Loriot hat in dem Moment aufgehört, als seine Zuschauer seine Nachrichtensendung ernst genommen haben. Zumindest mit dem Versuch, ausgerechnet die absurde Realität durch erfundenen Unsinn zu bereichern. Die Zuschauer haben sich über den fiktionalen Unfug weder gewundert, noch amüsiert. Offenbar waren sie sehr viel Unglaubliches gewohnt. So manches wird ohnehin als Ironie aufgefasst, bevor man voller Verwunderung bemerken muss, dass das jetzt ernst gemeint war. Wenn Comedy und Realität sich zu sehr ähneln, wo bleibt der Witz von Satire? Monty Python oder Hape Kerkeling alias Chefredakteur Horst Schlämmer dagegen haben nie aufgehört. Warum eigentlich? Das Lachen über die ewig gleichen menschlichen, allzu menschlichen Verwirrungen und Verirrungen machen einfach Spaß. Wenn jemand absurde Entwicklungen aufgreift und dabei den Nerv der Zeit trifft, stört man sich sogar nicht an einem an sich unverständlichen Dialekt, wie etwa bei Gerhard Polt.

Die Gratwanderung zwischen Persiflage und Geschmacklosigkeit ist schmal, zugegeben, aber wer sogar ohne Namensverfremdung einen verbitterten Rundumschlag wagt, hat den Vergleich mit den Virtuosen von tiefgründiger Satire verdient. Mindestens. Die Story beginnt moralinsauer bis kitschig mit einem Erweckungserlebnis, das der Künstlerlaufbahn von Damien Hirst die Weichen stellt: In der Tate-Gallery in London fällt ihm auf, dass sich die Ausstellungsbesucher mehr für die eingesperrte Hornisse im Fenster interessieren als für die Kunstwerke. Daraus schließt er: »Die Menschen wollen berühren und sie wollen berührt werden. Sie brauchen etwas Echtes, keinen Stahl, kein Gummi, kein Kunststoff, keine Distanz – nein, sie möchten etwas unmittelbares, etwas Reales, sie wollen einen echten Körper. Im Grunde genommen wollen sie das Leben selbst!« Merkwürdig, wenn die Wirkung auf das Publikum vorrangig ist. Als ginge es um Einschaltquoten und DSDS, um Effekthascherei. Das eigentliche Feindbild des Autoren enstammt mehr der Musikindustrie als dem Kunstbetrieb: Die Kunsthochschule befindet ihn für »flexibel, formbar, anpassungsfähig, superehrgeizig, also hochtalentiert für den Kunstbetrieb«. Scheinbar führt hier Dieter Bohlen das Wort. Der Autor brüskiert sich darüber, dass ein Künstler heutzutage nicht mehr talentiert, sondern nur noch originell sein muss, dass bei einem Kunstwerk nur noch dessen materieller Wert Gewicht hat, und dass der Kunstmarkt von einigen wenigen, einflussreichen und fragwürdigen Autoritäten manipuliert wird.

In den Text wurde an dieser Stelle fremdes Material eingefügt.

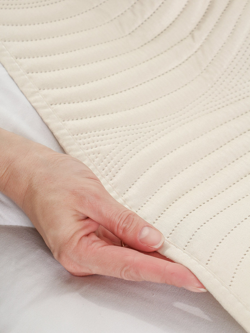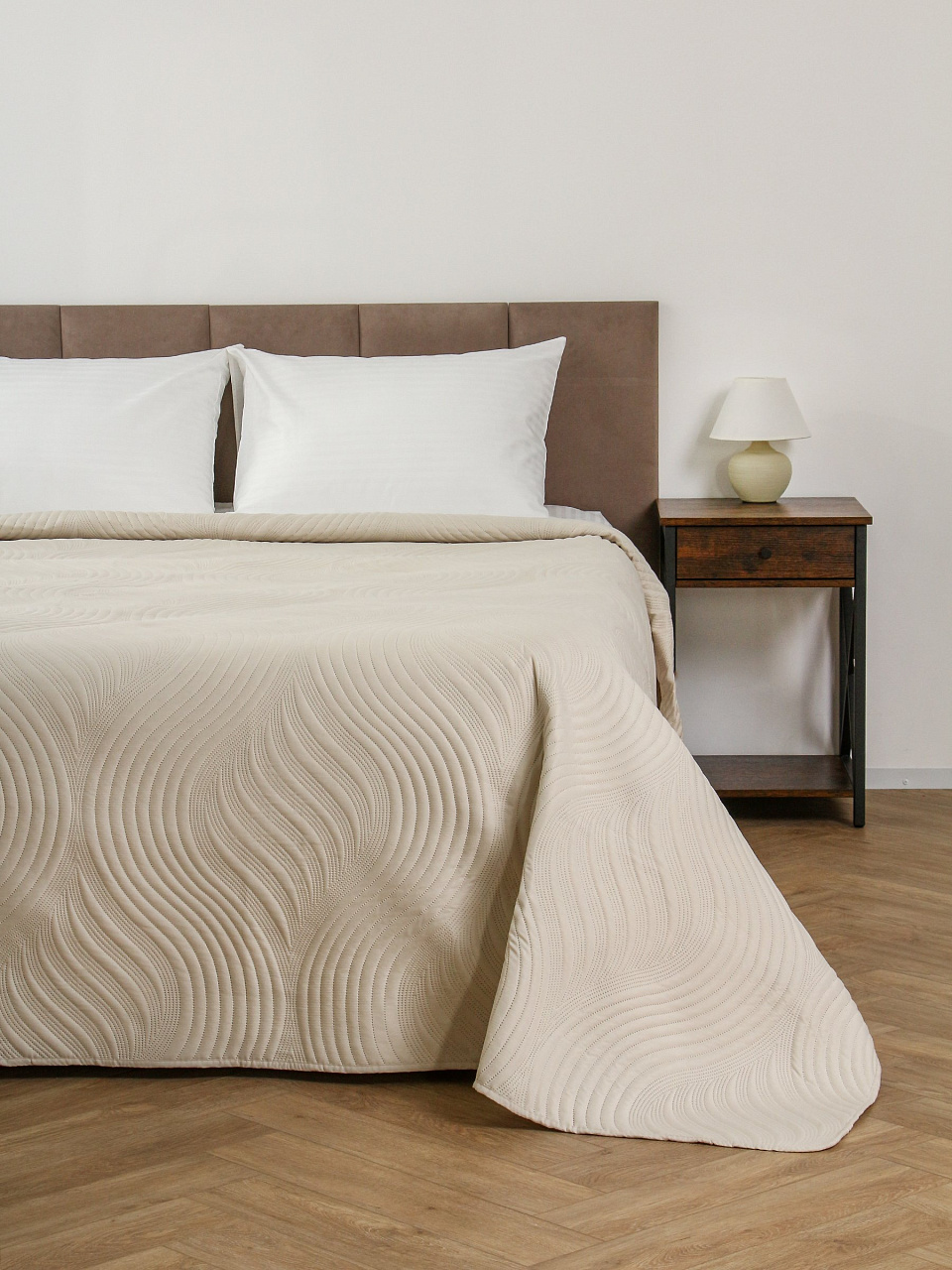 - Современный минимализм: лаконичный молочный оттенок и стеганый узор подойдут к любому интерьеру.
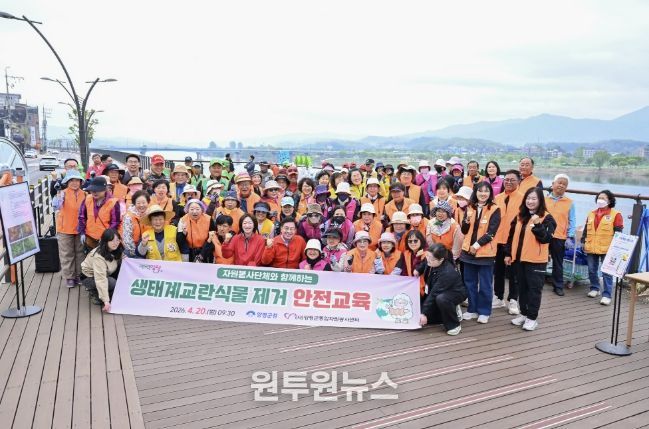 (원투원뉴스) 양평군종합자원봉사센터는 지난 20일 오전 9시 양평남한강테라스 하부 산책로 일대에서 ‘2026년 자원봉사 리빙랩 3고 YP(줍고·잇고·지키고) 사업’의 일환으로 생태계 교란 식물 제거 활동을 실시했다.
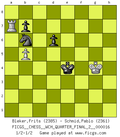 Last move : 1/2-1/2 2016 September 4 11:15:15 [Event "FICGS__CHESS__WCH_QUARTER_FINAL_2__000016"] [Site "FICGS"] [Date "2016.03.02"] [Round "5"] [White "Bleker,Frits"] [Black "Schmid,Pablo"] [Result "1/2-1/2"] [WhiteElo "2385"] [BlackElo "2361"] 1.Nf3 Nf6 2.c4 g6 3.Nc3 Bg7 4.e4 d6 5.d4 O-O 6.Be2 e5 7.O-O Nc6 8.d5 Ne7 9.Ne1 Nd7 10.f3 f5 11.g4 Kh8 12.Nd3 Ng8 13.Kh1 f4 14.Bd2 Nh6 15.b4 Nf7 16.c5 Nf6 17.Rc1 h5 18.gxh5 Nxh5 19.Rg1 Kh7 20.cxd6 cxd6 21.Nb5 Bd7 22.Nc7 Rc8 23.Ne6 Bxe6 24.dxe6 Rxc1 25.Nxc1 Ng5 26.Qf1 Bf6 27.Bc4 Kg7 28.Ne2 Qc8 29.Bb3 Nxe6 30.Qg2 Ng5 31.h4 Rh8 32.Rc1 Qd8 33.Qg4 Nf7 34.Qe6 Rf8 35.Rg1 Qe8 36.Be1 Qxe6 37.Bxe6 Re8 38.Bd5 Rh8 39.Kg2 Rc8 40.Kh3 Bd8 41.Rg2 Rc7 42.Be6 Nf6 43.Nc3 Rc6 44.Bd2 Bb6 45.Bf5 Nh8 46.Be6 Bd4 47.Nb5 Be3 48.Bd5 Nxd5 49.exd5 Rb6 50.Nxa7 Bxd2 51.b5 Ba5 52.a4 Nf7 53.Nc8 e4 54.fxe4 f3 55.Rg3 Ne5 56.h5 Kf6 57.hxg6 Nxg6 58.Rxf3+ Ke5 59.Ra3 Kxe4 60.Nxb6 Bxb6 61.a5 Nf4+ 62.Kg4 Nxd5 63.axb6 Nxb6 64.Ra7 1/2-1/2 Comment by player 2 : Pablo Schmid : Indeed that anti-Moscow went wrong after a stupid blunder (move played by head where I forgot to play an intermediate move at move 15 if I remember well). Then I was very afraid of losing but by chance my position was still quite holdable but I suspect you could give me more headhache. I did not see a clear win but maybe something more dangerous between move 21 to 24. Then it seems I got a "forced" simplification. Reti Opening Kingside Castling by player Black (move 5) Kingside Castling by player White (move 7) 10 pieces endgame at move 60 : White KRPPP , Black KBNPP WHITE : King + 1 Rook 3 Pawns BLACK : King + 1 Bishop 1 Knight 2 Pawns 9 pieces endgame at move 62 : White KRPP , Black KBNPP WHITE : King + 1 Rook 2 Pawns BLACK : King + 1 Bishop 1 Knight 2 Pawns 8 pieces endgame at move 63 : White KRPP , Black KNPP WHITE : King + 1 Rook 2 Pawns BLACK : King + 1 Knight 2 Pawns 7 pieces endgame at move 63 : White KRP , Black KNPP WHITE : King + 1 Rook 1 Pawn BLACK : King + 1 Knight 2 Pawns This chess game ended in a draw. Follow this game move after move (download)In Chess, just as in life, today's bliss may be tomorrow's poison. (Assaic) Mit sehr nachdenklichem Gesicht schreitet Bobby durch den Turniersaal. Was ist passiert?, fragt Lombardy. Ich stehe schlecht, antwortet Fischer. Lombardy: Dann biete doch einfach Remis an. Fischer: So schlecht stehe ich nun auch wieder nicht! (Robert James Fischer) No volvere nunca a jugar contigo. Has insultado a mi amigo. - cuando un oponente se maldijo por una mala jugada (Miguel Najdorf) Lorsque vous vous retrouvez devant une position atroce, ne tendez pas un ultime piège dérisoire avec l'intention d'abandonner si l'adversaire le déjoue ! Faites-vous plutôt un devoir de résister comme si votre vie en dépendait. Jouez le coup qui vous déplairait au centuple si vous étiez dans la peau de votre tortionnaire ! I've never seen so many men wasted so badly. (Blondie in The Good, The Bad and The Ugly)
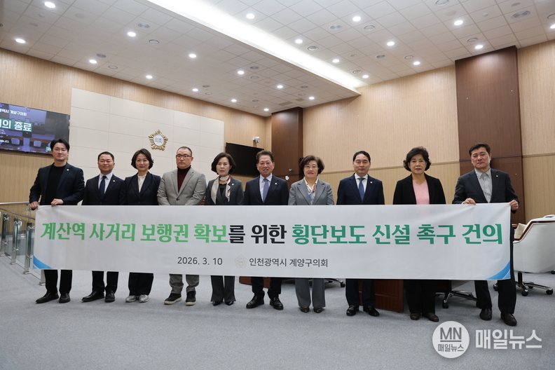 [매일뉴스] 인천 계양구의회 조양희 의원(더불어민주당, 다 선거구)이 대표 발의한 계산역 사거리 전방향 횡단보도 설치 촉구 건의안이 제264회 임시회 2차 본회의에서 채택됐다.

Kapitelüberschriften wie »Der neo-individualliberale Siegeszug« oder »Kippenbergers ALDI-Manifest« sind witztötend. Spürbare Wut und Feindbildpflege auch. Vielleicht ist auch Neid das Schlüsselwort, wenn Satire in den stickigen Bierdunst von Stammtischdumpfheit kippt. Wer nie dahin abdriftet, ist zum Beispiel Helge Schneider, der musikalische Meister des gehobenen Blödsinns. In seinen virtuos sinnfreien Storys führt er literarische Klischees zusammen und vermischt effektsicher die verschiedenen Stilebenen. Man findet sich verwirrt, aber doch amüsiert, sogar damit ab, dass der Plot fehlt.

Die Story »Kosmas« dreht sich letztlich um die Problematik: Wie bewertet der Mensch von morgen die Taten von heute? Der verfaulende Hai, dessen penetranter Gestank das Haltbarkeitsdatum von heutiger Kunst symbolisieren soll, ist für die Beantwortung nicht nur der Schlüssel, sondern auch wundersame Heilquelle, wie sich im Jahr 2567 herausstellt. Das Fazit des Autors, Künstlers, Punk-Musikers und Missverständniswissenschaftlers Wolfgang Müller: »Nirgendwo konnte so schnell derart einfach viel Geld in kürzester Zeit verdient werden wie im Kunstbetrieb«.